> [Description of the task]: In the records that follow, the lines from the one containing "Luna Stripe Kemeja" to the one containing "接着往锅中加入巴坦木,蔓越莓和黑芝麻,翻拌均匀,如下图所示。", inclusive, are to be given again exactly.
----- Exercise materials
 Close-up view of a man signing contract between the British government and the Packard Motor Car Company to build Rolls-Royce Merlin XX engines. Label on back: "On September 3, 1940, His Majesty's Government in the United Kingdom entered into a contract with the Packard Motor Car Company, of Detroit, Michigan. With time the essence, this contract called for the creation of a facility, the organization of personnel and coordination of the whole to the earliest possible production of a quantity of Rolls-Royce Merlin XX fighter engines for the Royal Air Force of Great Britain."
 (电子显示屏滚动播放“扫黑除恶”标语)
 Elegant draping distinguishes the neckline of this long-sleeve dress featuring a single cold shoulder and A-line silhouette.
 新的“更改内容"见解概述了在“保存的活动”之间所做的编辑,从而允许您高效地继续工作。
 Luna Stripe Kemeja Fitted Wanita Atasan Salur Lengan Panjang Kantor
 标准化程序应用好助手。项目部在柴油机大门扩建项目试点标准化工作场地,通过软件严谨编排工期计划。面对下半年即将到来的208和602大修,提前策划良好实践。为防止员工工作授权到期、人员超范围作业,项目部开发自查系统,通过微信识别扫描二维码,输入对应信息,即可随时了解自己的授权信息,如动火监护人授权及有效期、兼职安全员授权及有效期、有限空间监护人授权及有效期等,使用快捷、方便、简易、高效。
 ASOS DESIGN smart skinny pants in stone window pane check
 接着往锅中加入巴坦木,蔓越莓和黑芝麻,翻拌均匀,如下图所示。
----------
----- Exercise materials
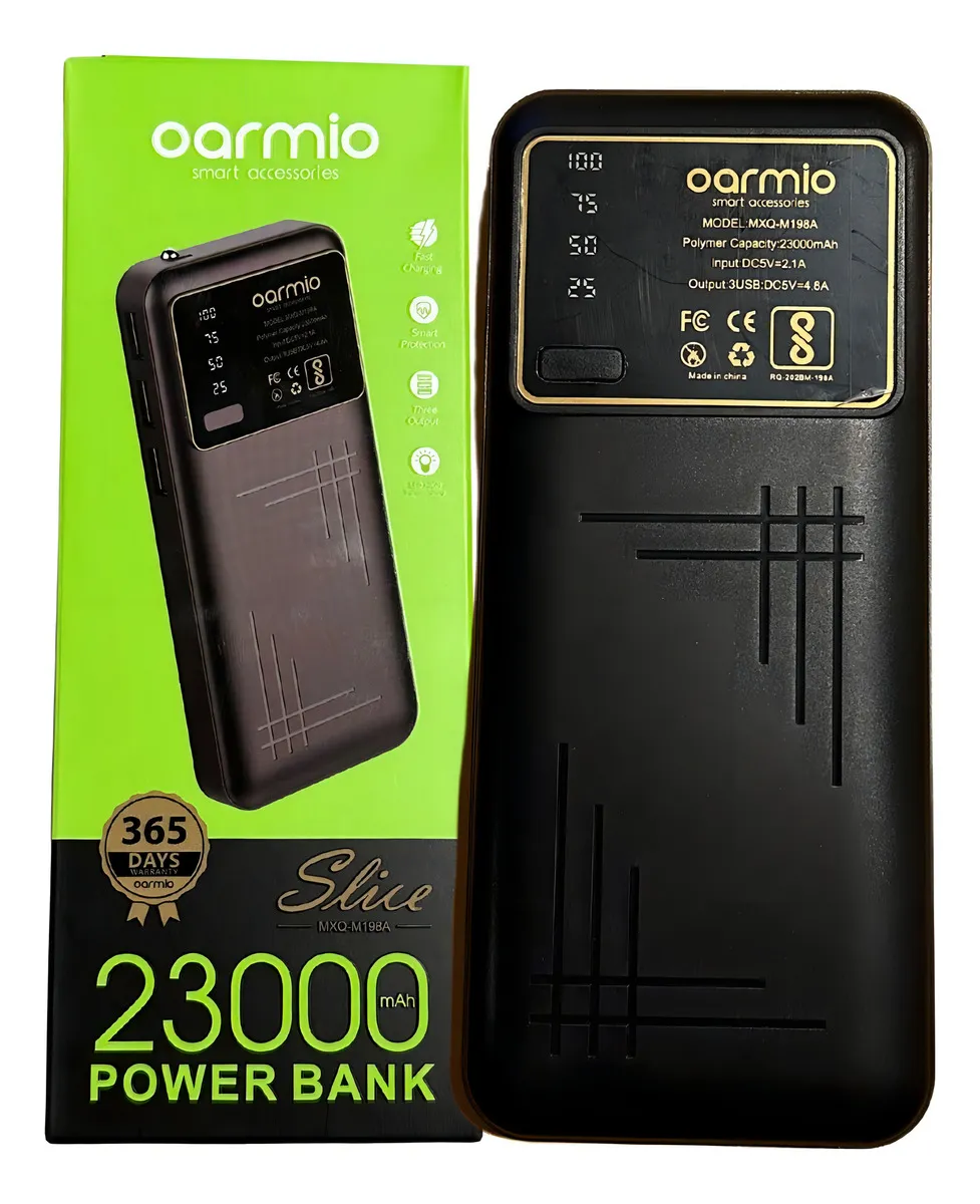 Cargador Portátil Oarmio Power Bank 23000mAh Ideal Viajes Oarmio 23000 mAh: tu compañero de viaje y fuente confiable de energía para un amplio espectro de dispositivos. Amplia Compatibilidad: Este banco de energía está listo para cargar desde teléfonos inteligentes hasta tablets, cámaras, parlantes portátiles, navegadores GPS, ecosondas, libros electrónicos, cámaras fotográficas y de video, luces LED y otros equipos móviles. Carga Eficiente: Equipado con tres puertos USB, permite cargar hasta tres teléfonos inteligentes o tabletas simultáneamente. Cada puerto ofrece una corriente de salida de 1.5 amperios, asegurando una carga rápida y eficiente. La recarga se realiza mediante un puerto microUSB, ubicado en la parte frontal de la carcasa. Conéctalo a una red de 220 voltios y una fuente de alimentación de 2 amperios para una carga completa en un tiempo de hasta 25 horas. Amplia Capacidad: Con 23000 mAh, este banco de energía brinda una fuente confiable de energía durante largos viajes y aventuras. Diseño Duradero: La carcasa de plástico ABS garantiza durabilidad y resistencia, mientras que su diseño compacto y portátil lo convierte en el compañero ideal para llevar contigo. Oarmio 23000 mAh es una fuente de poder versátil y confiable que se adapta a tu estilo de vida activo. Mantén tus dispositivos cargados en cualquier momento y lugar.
----------
> [Solution for this problem]:
 Luna Stripe Kemeja Fitted Wanita Atasan Salur Lengan Panjang Kantor
 标准化程序应用好助手。项目部在柴油机大门扩建项目试点标准化工作场地,通过软件严谨编排工期计划。面对下半年即将到来的208和602大修,提前策划良好实践。为防止员工工作授权到期、人员超范围作业,项目部开发自查系统,通过微信识别扫描二维码,输入对应信息,即可随时了解自己的授权信息,如动火监护人授权及有效期、兼职安全员授权及有效期、有限空间监护人授权及有效期等,使用快捷、方便、简易、高效。
 ASOS DESIGN smart skinny pants in stone window pane check
 接着往锅中加入巴坦木,蔓越莓和黑芝麻,翻拌均匀,如下图所示。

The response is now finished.